● ACTION ITEM: In the listing below, find the line with "2025 年 7 月-8 月 15 日固体废物污染环境防治信息公开" and the line with "The synergistic effect". Repeat those two lines and all lines between them exactly.

● SUPPLIED INFORMATION:

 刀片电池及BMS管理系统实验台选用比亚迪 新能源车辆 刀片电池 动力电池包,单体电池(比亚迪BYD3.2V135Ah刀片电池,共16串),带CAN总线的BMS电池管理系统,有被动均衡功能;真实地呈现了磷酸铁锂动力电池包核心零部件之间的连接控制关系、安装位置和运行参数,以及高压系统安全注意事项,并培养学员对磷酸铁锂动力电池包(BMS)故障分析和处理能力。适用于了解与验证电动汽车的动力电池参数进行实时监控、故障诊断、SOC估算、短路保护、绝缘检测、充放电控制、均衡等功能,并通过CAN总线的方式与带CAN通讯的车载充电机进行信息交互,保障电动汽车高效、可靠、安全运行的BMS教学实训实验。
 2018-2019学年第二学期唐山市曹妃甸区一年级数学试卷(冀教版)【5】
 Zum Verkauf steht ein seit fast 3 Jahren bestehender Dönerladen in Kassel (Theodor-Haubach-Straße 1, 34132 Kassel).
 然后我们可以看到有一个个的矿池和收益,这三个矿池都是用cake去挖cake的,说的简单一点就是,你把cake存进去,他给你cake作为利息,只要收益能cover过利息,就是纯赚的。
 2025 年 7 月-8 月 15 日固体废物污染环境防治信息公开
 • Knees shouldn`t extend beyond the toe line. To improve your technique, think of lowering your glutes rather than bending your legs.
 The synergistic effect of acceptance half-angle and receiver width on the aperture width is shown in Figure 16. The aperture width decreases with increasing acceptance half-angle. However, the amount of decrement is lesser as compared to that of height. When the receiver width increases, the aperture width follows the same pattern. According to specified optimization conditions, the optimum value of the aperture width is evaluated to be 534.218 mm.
...
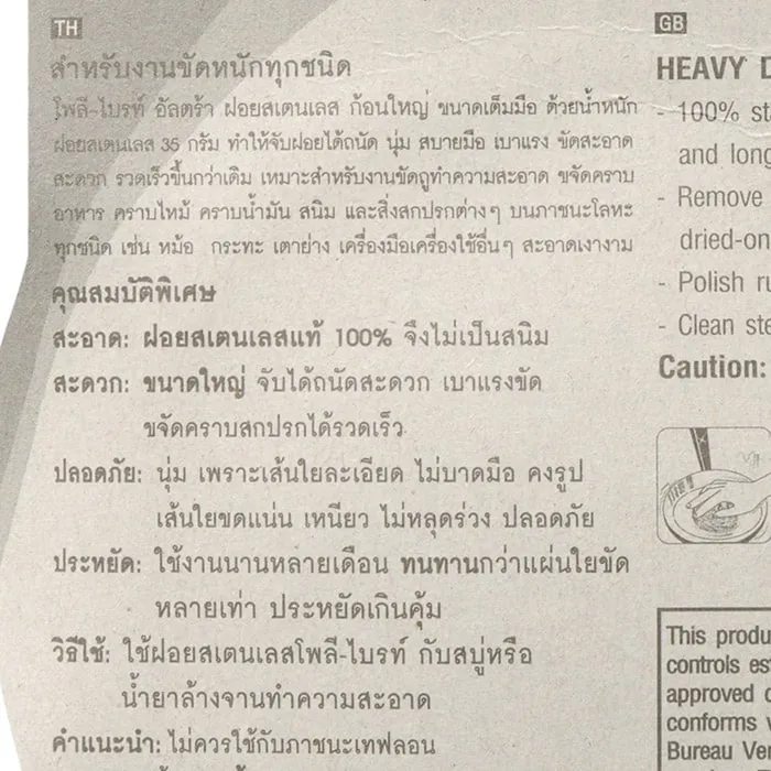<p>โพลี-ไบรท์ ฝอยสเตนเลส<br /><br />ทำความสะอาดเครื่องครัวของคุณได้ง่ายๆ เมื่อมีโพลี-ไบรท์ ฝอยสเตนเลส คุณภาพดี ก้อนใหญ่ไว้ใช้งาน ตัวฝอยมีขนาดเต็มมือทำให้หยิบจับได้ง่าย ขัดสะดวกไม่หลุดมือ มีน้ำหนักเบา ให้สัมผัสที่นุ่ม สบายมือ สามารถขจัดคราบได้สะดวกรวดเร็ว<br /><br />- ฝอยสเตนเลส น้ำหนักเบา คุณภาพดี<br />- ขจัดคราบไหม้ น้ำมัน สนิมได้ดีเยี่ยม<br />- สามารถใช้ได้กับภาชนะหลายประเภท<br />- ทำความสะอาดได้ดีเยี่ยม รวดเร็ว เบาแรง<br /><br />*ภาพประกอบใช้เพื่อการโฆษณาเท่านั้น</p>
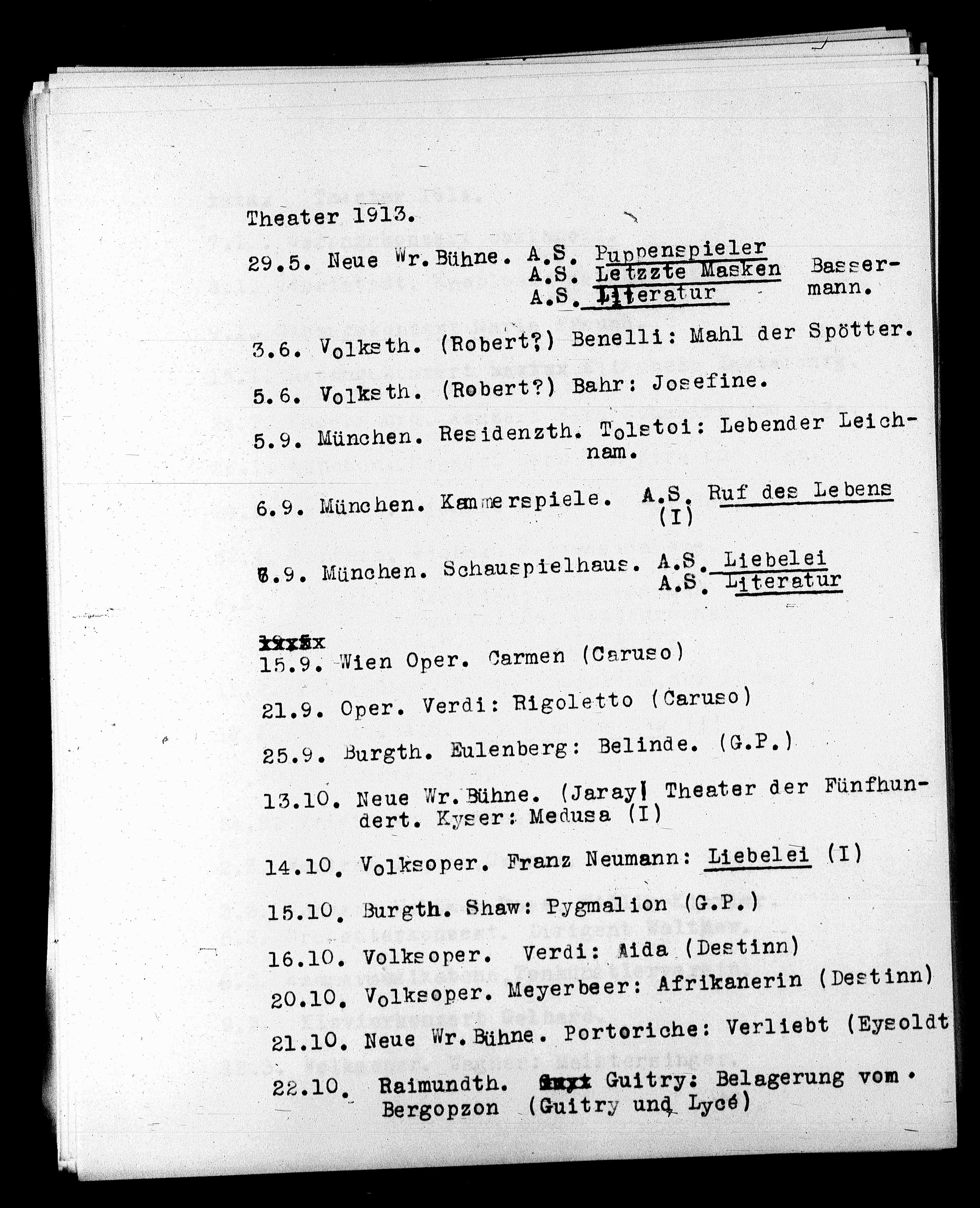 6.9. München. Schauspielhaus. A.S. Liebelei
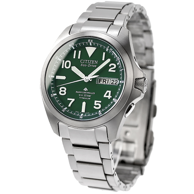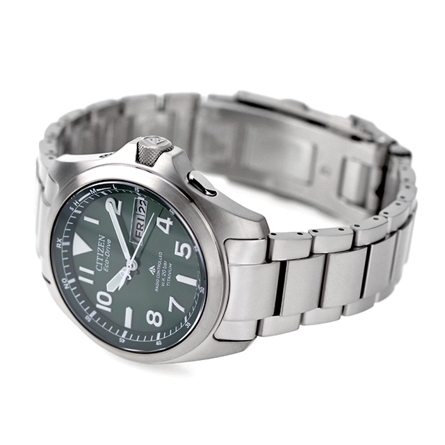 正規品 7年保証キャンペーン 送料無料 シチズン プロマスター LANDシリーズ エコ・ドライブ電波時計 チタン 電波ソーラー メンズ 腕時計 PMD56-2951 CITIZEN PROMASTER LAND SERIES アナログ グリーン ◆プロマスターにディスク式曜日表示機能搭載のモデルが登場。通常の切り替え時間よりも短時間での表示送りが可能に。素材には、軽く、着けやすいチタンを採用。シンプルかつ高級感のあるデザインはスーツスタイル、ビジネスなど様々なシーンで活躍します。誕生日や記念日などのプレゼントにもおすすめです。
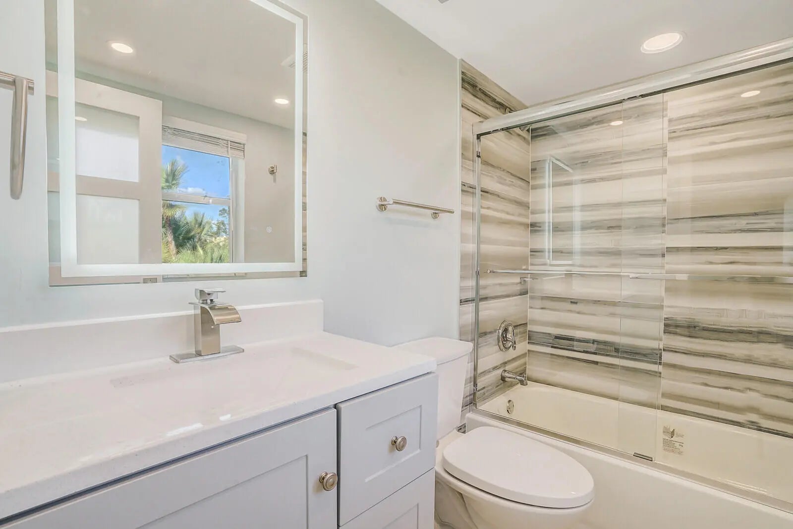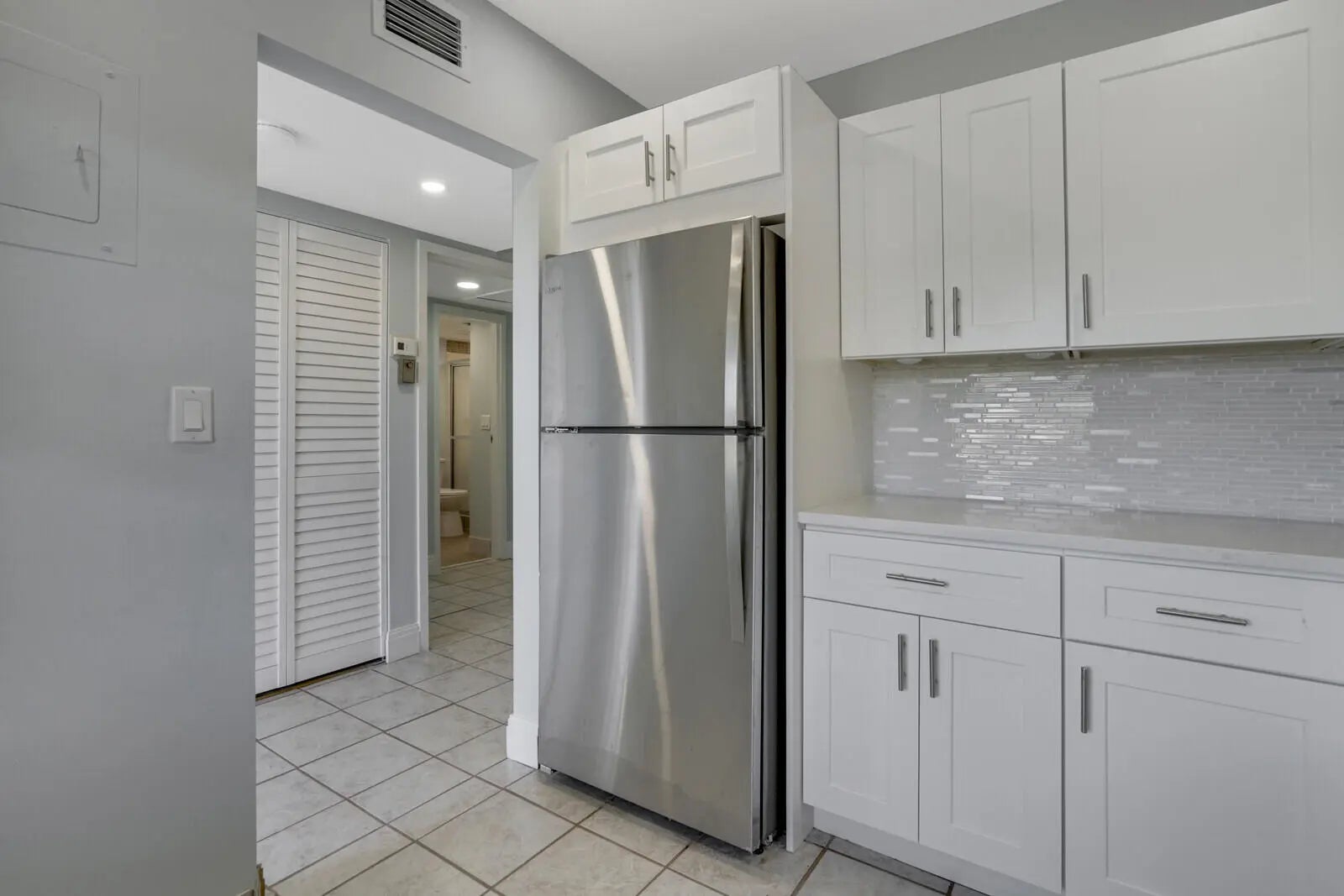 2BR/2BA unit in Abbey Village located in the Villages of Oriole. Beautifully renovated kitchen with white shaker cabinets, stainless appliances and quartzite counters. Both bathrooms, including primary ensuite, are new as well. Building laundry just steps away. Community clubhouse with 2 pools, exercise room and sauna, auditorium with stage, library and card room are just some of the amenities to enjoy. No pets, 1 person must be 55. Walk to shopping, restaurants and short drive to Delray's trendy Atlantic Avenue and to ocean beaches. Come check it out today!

● SOLUTION FOR THIS EXERCISE:
 2025 年 7 月-8 月 15 日固体废物污染环境防治信息公开
 • Knees shouldn`t extend beyond the toe line. To improve your technique, think of lowering your glutes rather than bending your legs.
 The synergistic effect of acceptance half-angle and receiver width on the aperture width is shown in Figure 16. The aperture width decreases with increasing acceptance half-angle. However, the amount of decrement is lesser as compared to that of height. When the receiver width increases, the aperture width follows the same pattern. According to specified optimization conditions, the optimum value of the aperture width is evaluated to be 534.218 mm.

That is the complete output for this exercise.